Of course he didn’t. He hadn’t been paying attention. Not really.
And I’d been letting him get away with it. But not anymore.
“Because she was careful to be on her best behavior around you, and I didn’t want to put you in the middle.”
His hands finally dropped to his sides, and his shoulders sagged. When he spoke again, his voice was low, stripped of his usual confidence.
“I’m sorry, Callie. I should’ve been there today, and I should have seen what my mom was doing. No excuses.” He swallowed hard, ice-blue eyes glinting with something raw. “You deserve better than what I gave you. I swear to you, I’ll do better.”
I studied him, searching for cracks in his sincerity. I didn’t see any. He seemed like a man who knew he’d screwed up.
I wanted to believe him. So much.
But his regret didn’t erase the empty chair in that exam room, or the sting of that needle sliding into my arm without his hand in mine.
His promise didn’t wipe away the ache in my chest.
It might give us a way to move forward, though. As long as he truly meant what he said.
My voice was shaky as I whispered, “Okay.”
His gaze lingered on me, brow furrowing as though he sensed the distance I hadn’t put into words. He stepped closer. “Let me make it up to you, please. Give me the chance to prove how much you mean to me. How much I love you, Callie.”
The me from just last night probably would’ve melted at the plea, swept away by the intensity in his eyes. But now, a whisper of doubt lingered at the edge of my mind.
4
ETHAN
Every inch of Callie’s body told me she wasn’t fine. Her arms were wrapped tightly around her stomach, her shoulders were stiff, and her mouth was trembling. But the worst part was that her soft brown eyes still carried the kind of hurt that gutted me.
My wife had agreed to give me a chance, but I knew I had a lot of making up to do. I just needed to figure out where to start. Which was going to be hard because she didn’t believe me. Not really.
Callie had needed me today, and I had let her down. What if she never trusted me to be there for her again?
A hollow ache cracked open in my chest, panic clawing at the edges. If she pulled further away—stopped believing in us—I didn’t know what the hell I would do.
“I’ll prove it to you.” I stepped even closer, and her head tilted up, her eyes wary, but she didn’t move away.
Words wouldn’t be enough. I had to show her that she was my center of gravity. That the life we were building together meant everything to me.
I ached to reach for her, to tear down the distance between us.
“I swear I won’t fail you like this again. I couldn’t bear to lose you, Callie.”
Her lips parted, the smallest catch of breath breaking free. The doubt was still there in her eyes, a shadow I hated, but so was something else. Love.
From the start, Callie hadn’t played games or tried to hide how she felt about me. She was open and honest, even when it was hard. Her candor was one of the reasons I’d fallen for her so quickly.

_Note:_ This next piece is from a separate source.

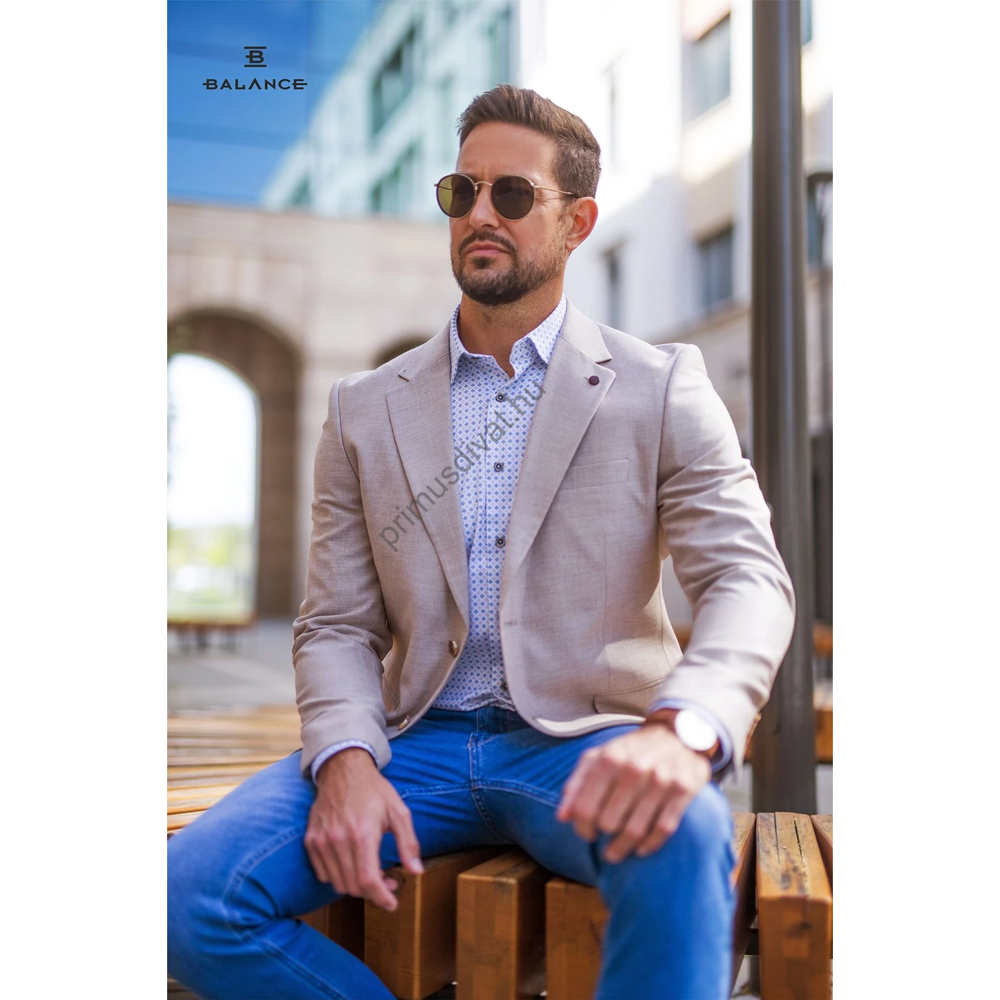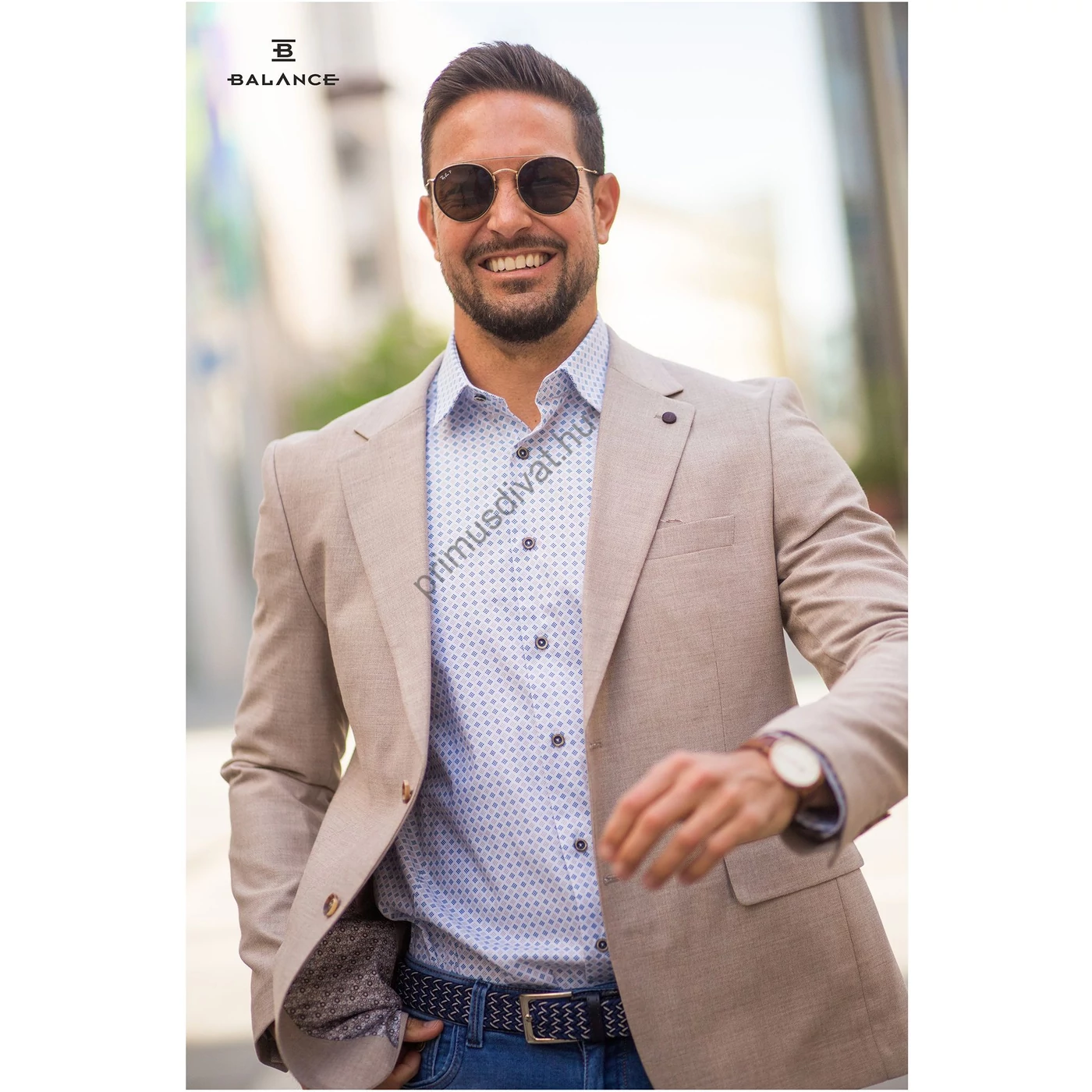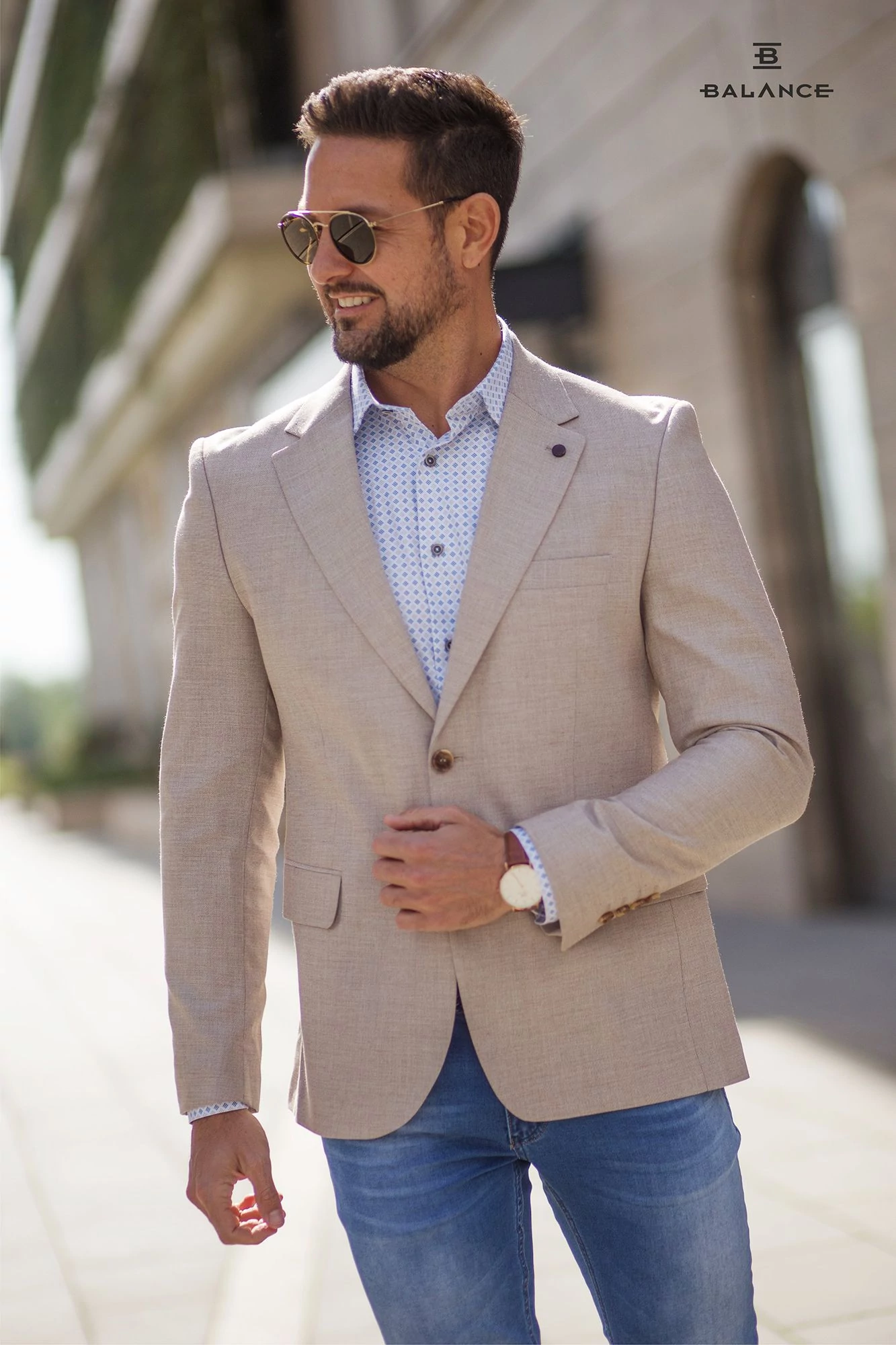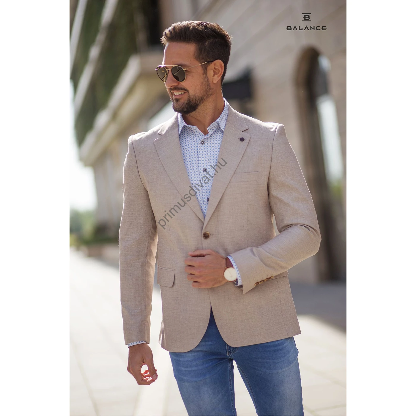 Balance béleletlen, pamut-len anyagú, két gombos, két slicces karcsúsított bézs Queb nyári zakó. Háta bélés nélküli, kellemes nyári viselet. Kényelmes, jó szabású zakó, a hátán két slicc található. Igényes belső kidolgozással, mintás bélés selyemmel készült. A modell 180 cm, 80kg, sportos testalkatú és 50-es méretű zakót visel.

She was so different from the women my mother kept pushing at me—who dated for sport, all strategy and no sincerity. Without Callie, I might’ve married one of them and been miserable for the rest of my life.
I closed the remaining distance between us, taking her trembling hands in mine. Her skin was cool, her pulse fluttering in her wrists. “I love you.”
“And I love you.”
I knew sex wouldn’t fix this. But tonight, it was the only language I had to show she was my everything.
Instead of taking from Callie, I was going to give. Each touch would be a vow.
“Let me worship you the way you deserve.”